Мелкие пылинки танцевали в воздухе под лучами дневного солнца, что настойчиво внедрялось в комнату в узкие щели гнилых досок. Лучи играли на её теле, и, когда я прикасался к ним, мои руки тоже начинали сверкать.
– Ты знаешь, а я вот, вопреки здравым возгласам, не вижу смысла развивать своё тело, – я гладил ровную плотную кожу, растёкшуюся на кровати, и представлял, будто девушка слушает меня с упоением, как любовники внемлют друг другу после пылкой близости – вернее сказать, пускать все жизненные ресурсы исключительно на это. Да, в жизни важен баланс, без тела не существует разума, и наоборот, пока по крайней мере. Но тело, как и любой материал, так ненадёжно, хрупко и переменчиво. Стремление постичь, покорить мысль, подобно физическому упражнению, – вот моя задача. Тело погаснет и умрёт, а разум останется здесь, он перейдёт к другому через оставленную историю.
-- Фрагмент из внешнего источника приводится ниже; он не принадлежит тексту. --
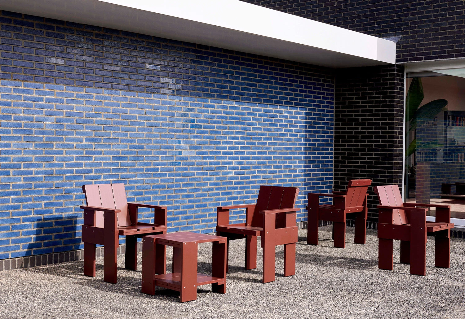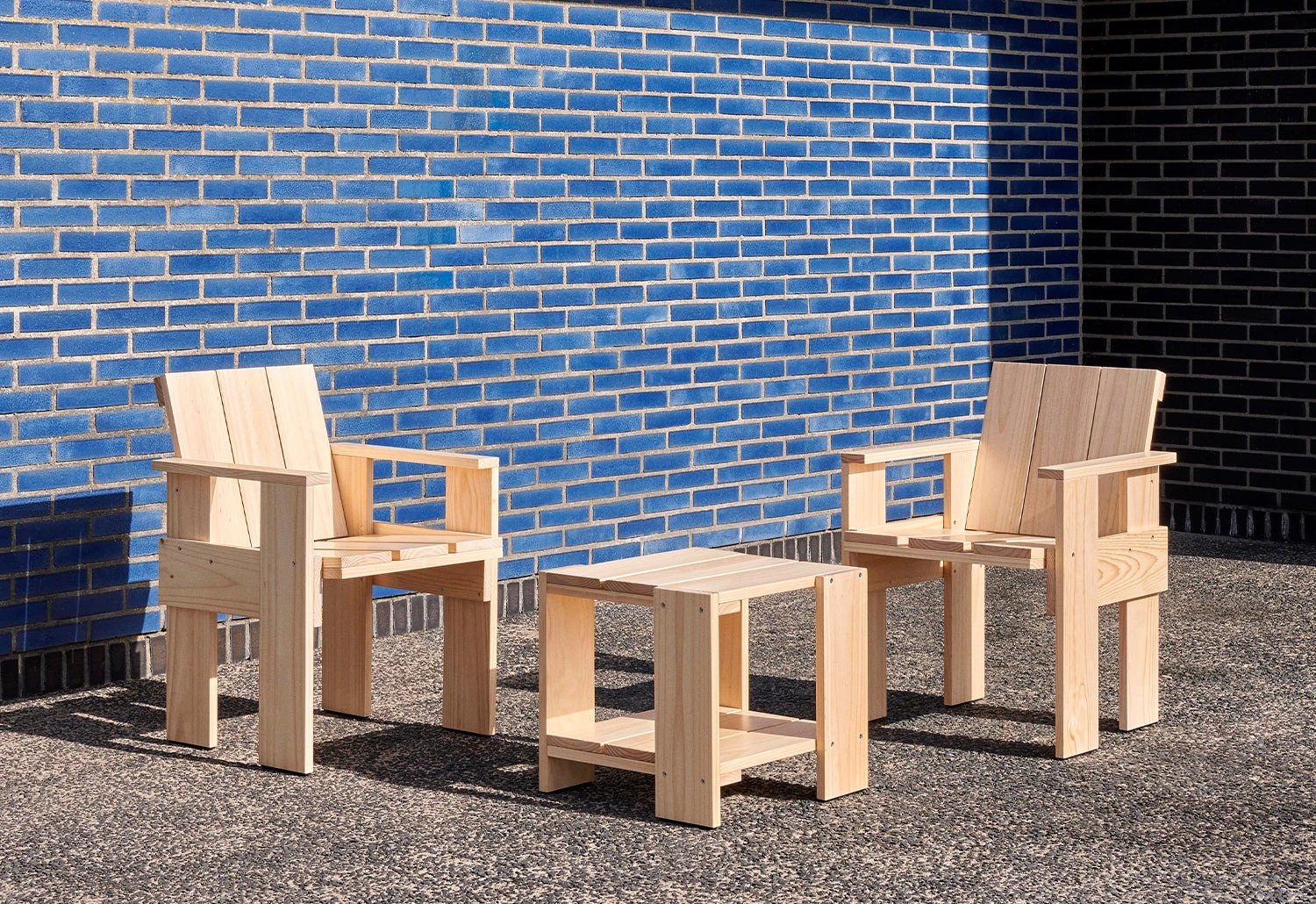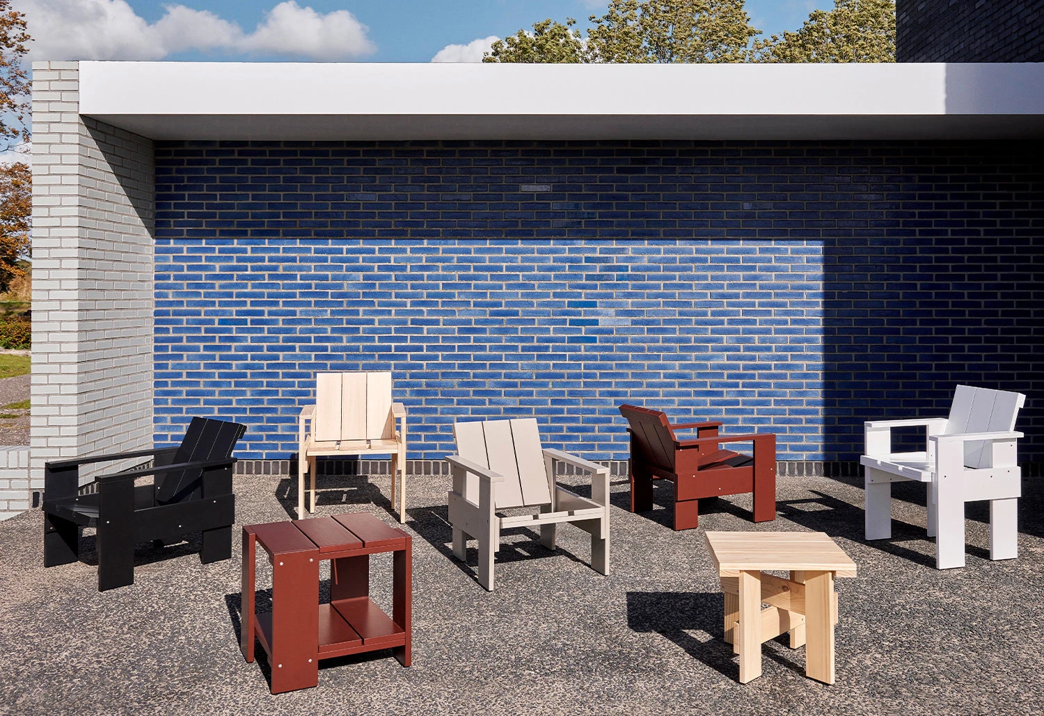 The Crate Collection has a rich history dating back to 1934. It was originally designed by the renowned Dutch architect and designer Gerrit Rietveld with the aim to create modern and functional furniture using surplus wooden crates. The collection still retains the designer’s aesthetic vision and precise proportions, with a simple and well-designed form. The collection includes a lounge chair, dining chair, low table, and side table, all made of solid pine and finished with a water-based coating. This makes the Crate Collection perfect for a variety of settings, both indoors and outdoors, from cafes and public spaces to private gardens.

Теперь я платил ей, чтобы она была только моей и держала комнату для моего отдыха. Так даже казалось, будто мы были парой, обещавшей друг другу безграничную любовь. Она слушала мои унылые размышления и делала вид, что я самый умный человек на земле, а я обеспечивал её незамудрённое существование.
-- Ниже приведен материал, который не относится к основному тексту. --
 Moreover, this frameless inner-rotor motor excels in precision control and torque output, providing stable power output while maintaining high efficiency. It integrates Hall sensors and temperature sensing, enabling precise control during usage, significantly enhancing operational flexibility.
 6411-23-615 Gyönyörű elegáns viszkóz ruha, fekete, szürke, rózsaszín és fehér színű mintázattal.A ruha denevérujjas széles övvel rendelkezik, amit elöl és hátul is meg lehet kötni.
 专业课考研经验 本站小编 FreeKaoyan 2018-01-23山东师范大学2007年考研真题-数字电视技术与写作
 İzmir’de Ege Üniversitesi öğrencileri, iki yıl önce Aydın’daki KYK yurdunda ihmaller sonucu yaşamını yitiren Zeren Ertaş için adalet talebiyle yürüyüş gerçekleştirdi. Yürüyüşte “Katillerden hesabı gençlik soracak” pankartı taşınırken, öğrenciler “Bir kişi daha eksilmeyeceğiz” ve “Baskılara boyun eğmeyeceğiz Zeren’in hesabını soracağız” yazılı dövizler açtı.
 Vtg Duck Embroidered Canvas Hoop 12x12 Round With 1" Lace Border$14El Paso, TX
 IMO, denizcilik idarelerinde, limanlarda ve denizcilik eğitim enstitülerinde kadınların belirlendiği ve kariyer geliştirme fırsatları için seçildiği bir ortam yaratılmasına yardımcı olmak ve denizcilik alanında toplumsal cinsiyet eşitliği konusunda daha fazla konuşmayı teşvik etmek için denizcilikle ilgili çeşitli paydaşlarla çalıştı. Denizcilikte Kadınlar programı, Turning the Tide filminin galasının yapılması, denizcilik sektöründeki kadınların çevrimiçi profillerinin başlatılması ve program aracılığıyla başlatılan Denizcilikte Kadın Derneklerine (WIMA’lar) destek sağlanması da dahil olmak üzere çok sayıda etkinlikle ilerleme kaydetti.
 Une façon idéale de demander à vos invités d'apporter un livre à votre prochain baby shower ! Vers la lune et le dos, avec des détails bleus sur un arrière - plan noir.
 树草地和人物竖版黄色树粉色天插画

По вечерам Арлет зажигала свечу на тесной полочке, прибитой у изголовья кровати. Пленённый, я глядел на густой дым над ровным пламенем и думал: существовали ли в этом мире птицы, что боялись летать? Нормально ли боятся того, что заложено самой природой? Да, думалось мне, только доподлинно мы не узнаем, потому что все птицы всё равно летают, пока не иссохнуть и не посыпятся вниз. Но чтобы стать чем-то большим, чем твоё предназначение, надо для начала быть чем-то.
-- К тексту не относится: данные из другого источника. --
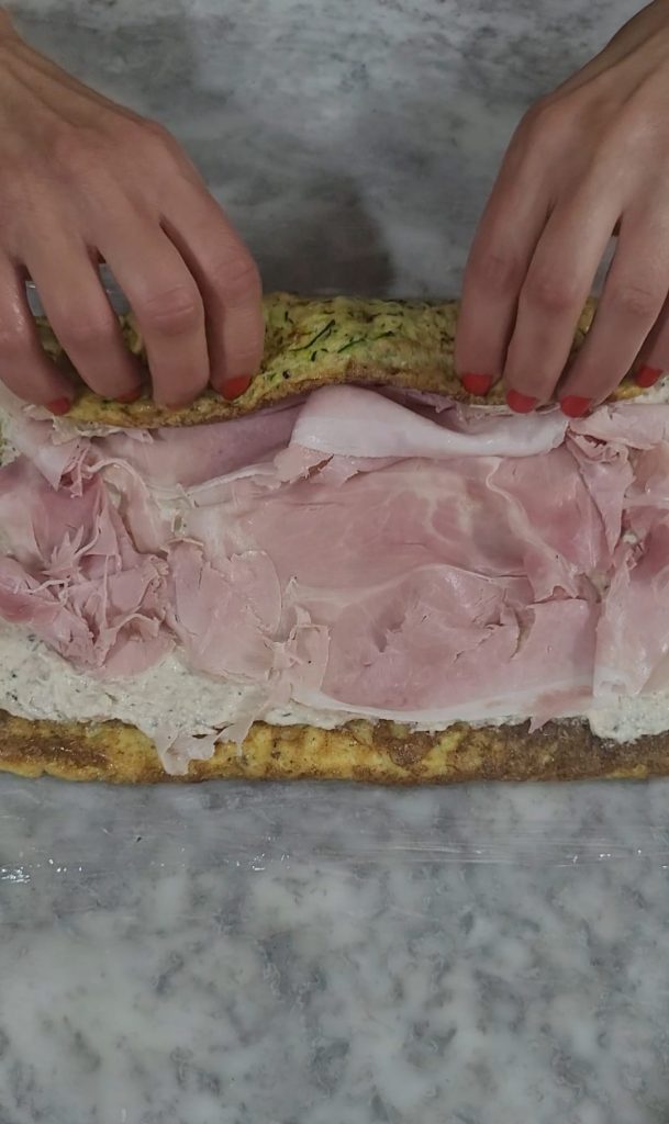 Pour préparer le roulé d’omelette aux courgettes, la seule cuisson prévue dans ma recette est celle de l’omelette, tandis que la garniture consiste en une couche de crème à base de fromage, thon, parmesan et quelques tranches de jambon cuit. Très facile à préparer, le roulé d’omelette aux courgettes dans une friteuse à air est bon et frais, à consommer donc froid, pratique à transporter pour une sortie, à la plage ou à consommer au bureau pendant la pause déjeuner. Une fois refroidi, on le garnit, on le roule et on le met au réfrigérateur avant de le trancher et le tour est joué.
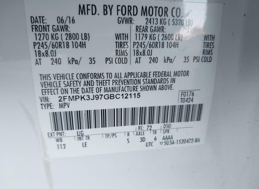 - VIN: 2FMPK3J97GBC12115
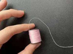Вденьте нить в иглу, пропустив ее через ушко иглы.
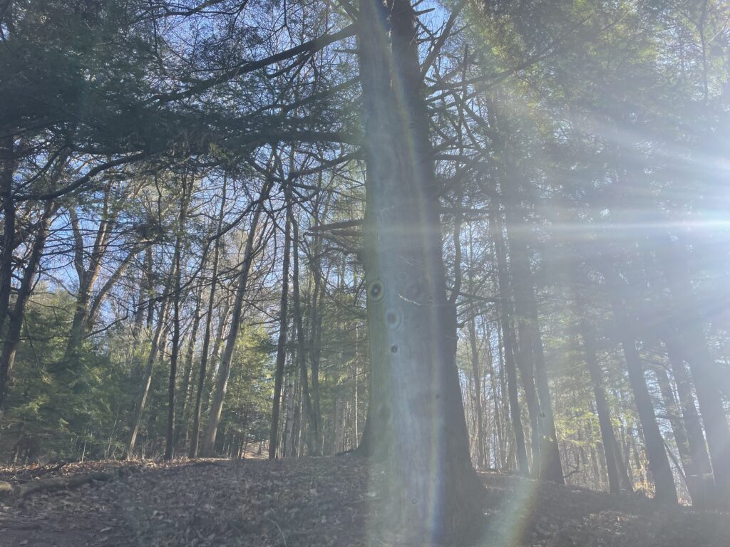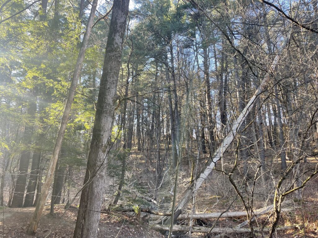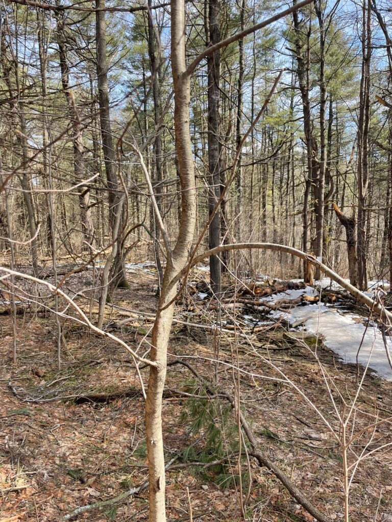 The site has changed dramatically over time, primarily due to weather. The site has gone from frozen ground to an area with grasses and moist soils. The excessive rain has also contributed to the composition of the area. My tree has sprouted leaves, and so have the trees around. American Beech, Yellow Birch, and many understory plants are among these trees. There has also been less snowfall and not as cold temperatures throughout the year. Human-caused changes could be the projects that happened in centennial woods.
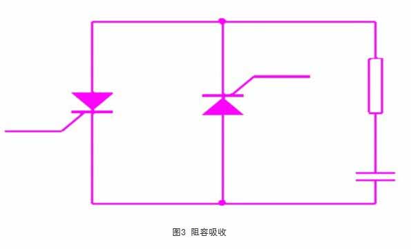在晶閘管兩端并聯r-c阻容吸收回路,如圖3所示,利用電容吸收過壓。其實質就是將造成過電壓的能量變成電場能量儲存到電容中,然后釋放到電阻中消耗掉。
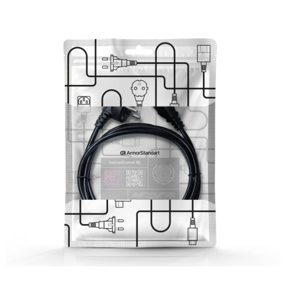 Мережевий кабель живлення ArmorStandart CEE 7/7 – C13 1.8 м забезпечує стабільне та безпечне підключення електронних пристроїв до електромережі. Призначений для блоків живлення стаціонарних комп'ютерів та інших пристроїв, що використовують роз'єм C13.
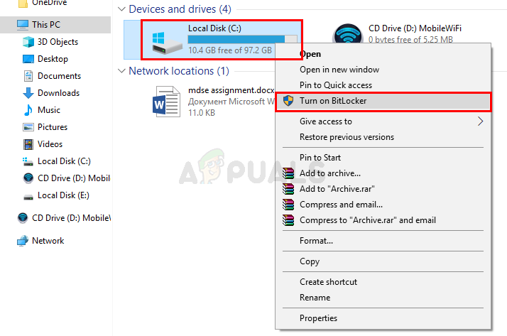 - Right click your C drive and select Turn on BitLocker
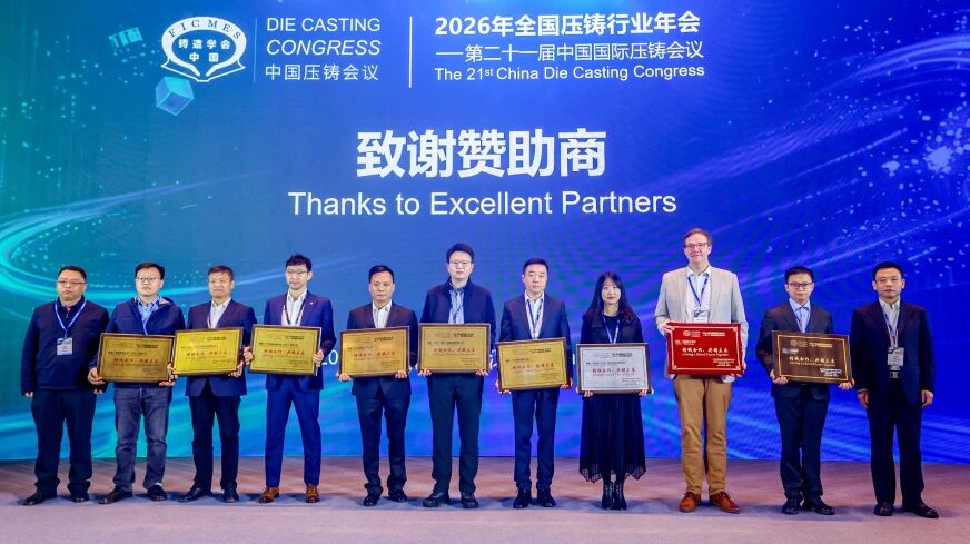 武汉不仅是我国重要的汽车产业基地,更是长江中游压铸产业的创新高地。依托雄厚的产业根基与强劲的科创活力,为本次年会搭建起产学研深度融合的高效交流平台。在年会开幕式上,主办方为支持单位举行了隆重的致谢颁奖仪式,衷心感谢各单位的鼎力支持。由娄延春理事长为其颁奖。诚挚感谢各方对行业发展的坚定支持与卓越贡献,共筑压铸产业高质量发展新未来!

Моя свеча горела, оставляя привкус сожаления и запах неизбежности, и оттого её тепло не грело. На кону была не моя жизнь, нечто большее, что я никак не мог ограничить парой скудных слов и сухих понятий. Люди бегут от одиночества, потому что оно заставляет прокручивать снова и снова одни и те же события в голове, словно наказание. И не обязательно попадать в небытие, чтобы застрять в цикличном водовороте.
Но пара нежных прикосновений, и я таял от собственных демонов. Не смотря на мои деньги, Арлет не перестала улыбаться другим посетителям борделя. Я покорял её ночи на пролёт, но так и не смог установить флаг. И в общем зале я лежал окутанный дурманом и смотрел на пошлый флирт моей спутницы с каким-то юнцом.
Внешне я всегда был холоден и равнодушен, тогда как внутри меня порой кипела и струилась ярость ко всему: к родителям, что не додали, к жене, что не понимала, к прохожему, что толкнул к обесчестившей судьбе. Мне был нужен рыцарь в доспехах, который смог бы защитить меня от моей же головы и дурных страхов.
Мужчины и женщины в лапах друг друга слились в огромное существо со множеством рук и глаз. Наверняка они о чем-то думали, мечтали, вполне вероятно даже к чему-то стремились, как и я. Только здесь все эти эфемерные цели и звучное пение, не различимого от бытия рая, теряли пользу, сдувая огни в глазах и румянец с щёк, превращая удовольствие в нескончаемый цикл дурмана и грязи. Пресыщенный человек теряет вкус, а потерявший вкус не способен найти смысл. Это меня пугало.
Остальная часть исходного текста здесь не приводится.